Turn-by-turn maneuvers
The first version returned routes with “Start” and “Arrive” stubs. Now there’s a proper maneuver builder that groups consecutive edges into instructions.
The builder triggers a new maneuver on name changes, significant turns, road type transitions (roundabouts, ramps, ferries):
fn should_start_new_maneuver(&self, in_roundabout: bool) -> bool {
self.entering_roundabout
|| self.exiting_roundabout
|| self.entering_ramp
|| self.exiting_ramp
|| self.entering_ferry
|| self.exiting_ferry
|| self.turn_type == TurnType::Reverse
|| (self.name_changed && !in_roundabout)
|| (self.turn_type != TurnType::Straight && self.name_changed)
}Narrative generation uses rust-i18n with 34 locale files.

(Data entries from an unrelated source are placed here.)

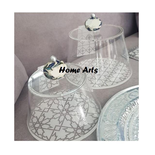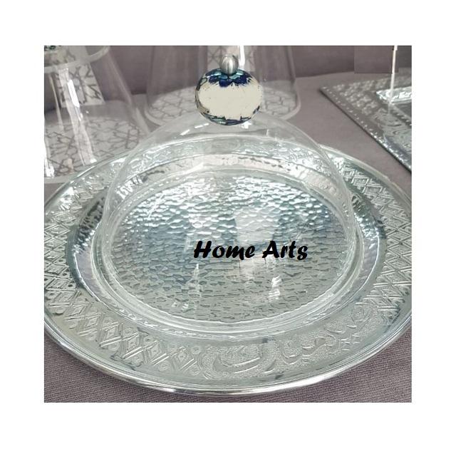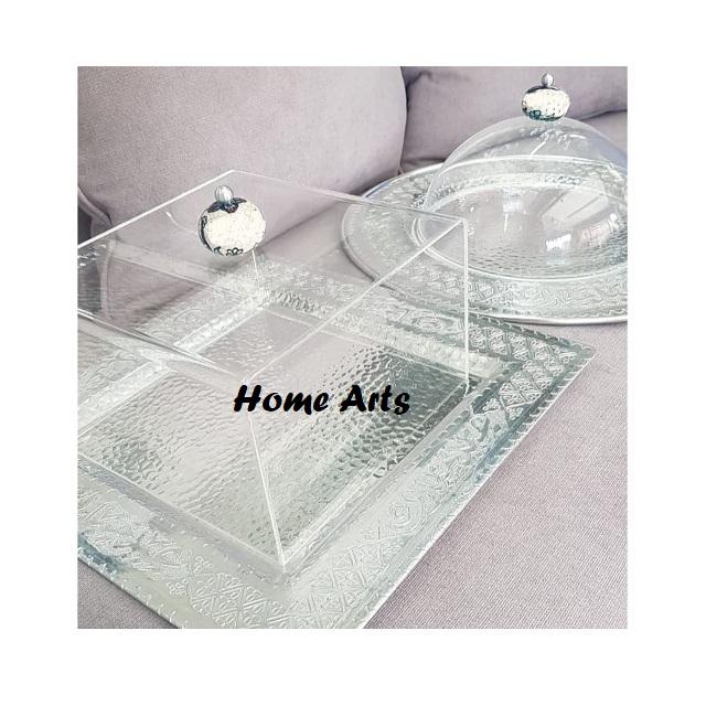 Aluminium Hammered Food Serving Tray With Glass Dome Bestest Quality Dates Serving Tray With Dome In Bulk
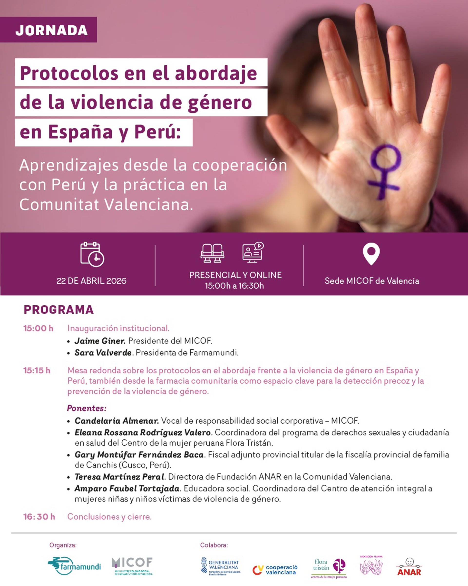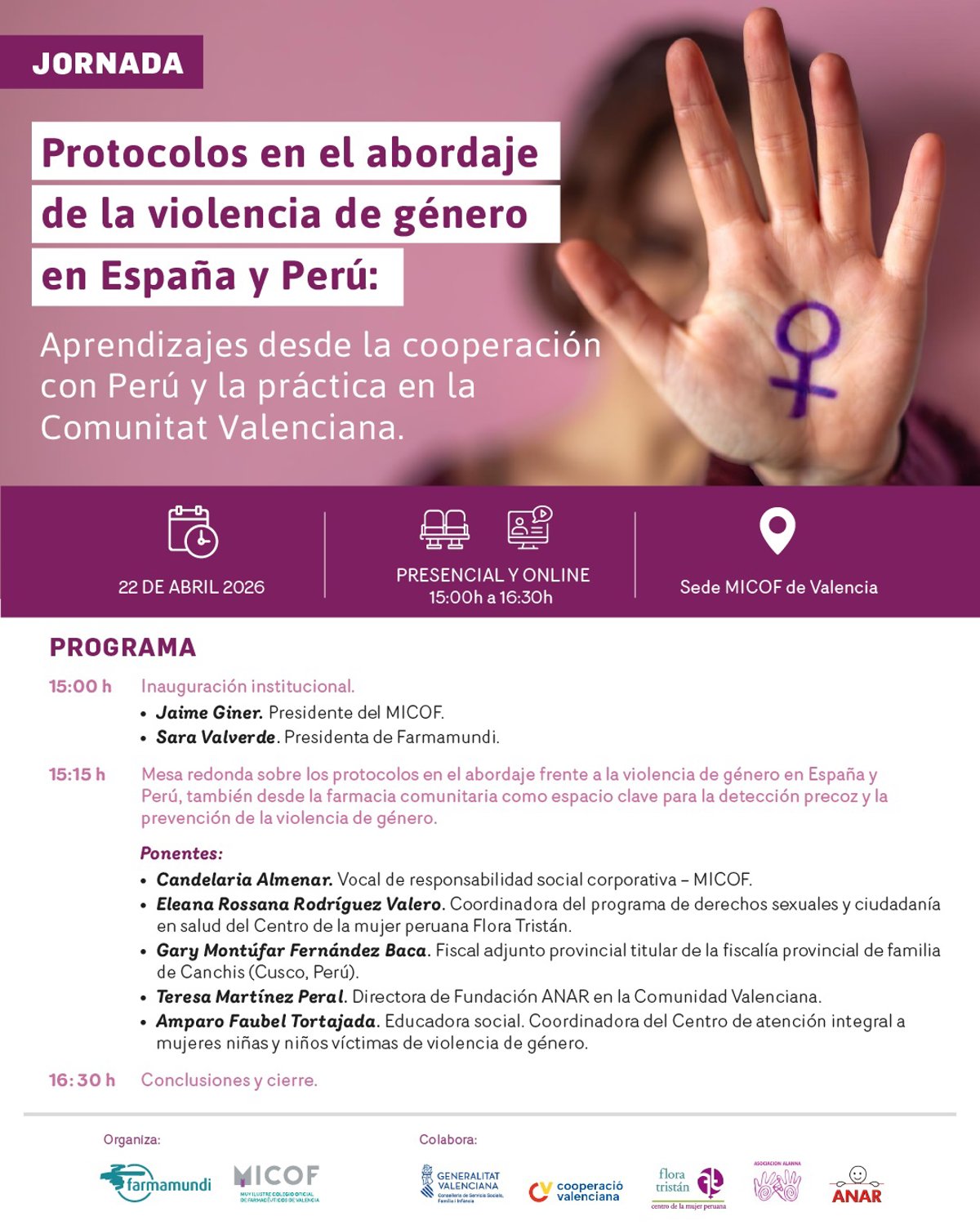 El Muy Ilustre Colegio Oficial de Farmacéuticos de Valencia (Micof) acogerá, el próximo miércoles 22 de abril, un encuentro informativo organizado junto a Farmamundi que reunirá a profesionales de España y Perú --de entidades como Flora Tristán, Fundación ANAR o Asociación Alanna-- para compartir experiencias, protocolos y buenas prácticas en la prevención y abordaje de la violencia de género, con especial atención al papel de la farmacia comunitaria.
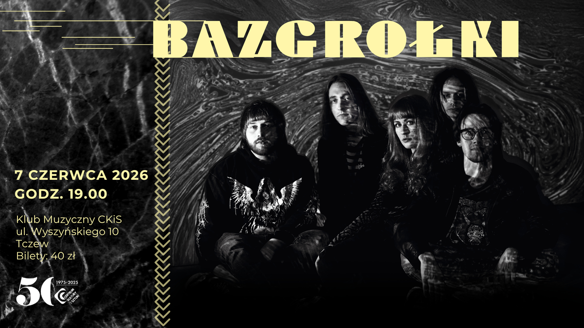 Hej Tczew! Jeśli siedzisz w domu i mówisz „nie ma co robić”, to wbijaj do Klubu Muzycznego CKiS. Na scenie Bazgrołki, trójmiejski projekt audiowizualny łączący ze sobą psychodeliczny noise i shoegaze w eksperymentalnym wydaniu. Na żywo zespół tworzy masywną ścianę dźwięku, której integralną częścią są generowane w czasie rzeczywistym wizualizacje autorstwa malarza Konrada Góreckiego — oparte na jego autorskich obrazach. Projekt ukształtował się w 2020 roku w Trójmieście. Od tego czasu konsekwentnie ewoluuje, kierując się ku coraz bardziej eksperymentalnym i intensywnym formom wyrazu. Najnowszy materiał otwiera nowy rozdział w działalności zespołu — jest cięższy, gęstszy i bezkompromisowy w brzmieniu. Rok 2026 przynosi najbardziej wyrazistą płytę...

Each maneuver type maps to a template:
start.5: "Drive %{cardinal_direction} on %{street_names}."
turn.1: "Turn %{relative_direction} onto %{street_names}."
enter_roundabout.2: "Enter the roundabout and take the %{ordinal_value} exit onto %{roundabout_exit_street_names}."
destination.0: "You have arrived at your destination."Roundabouts track exit counts. Cardinal directions derive from heading. Ordinals support up to the 10th exit. The locale files include French, German, Spanish, Italian, and (yes) pirate English.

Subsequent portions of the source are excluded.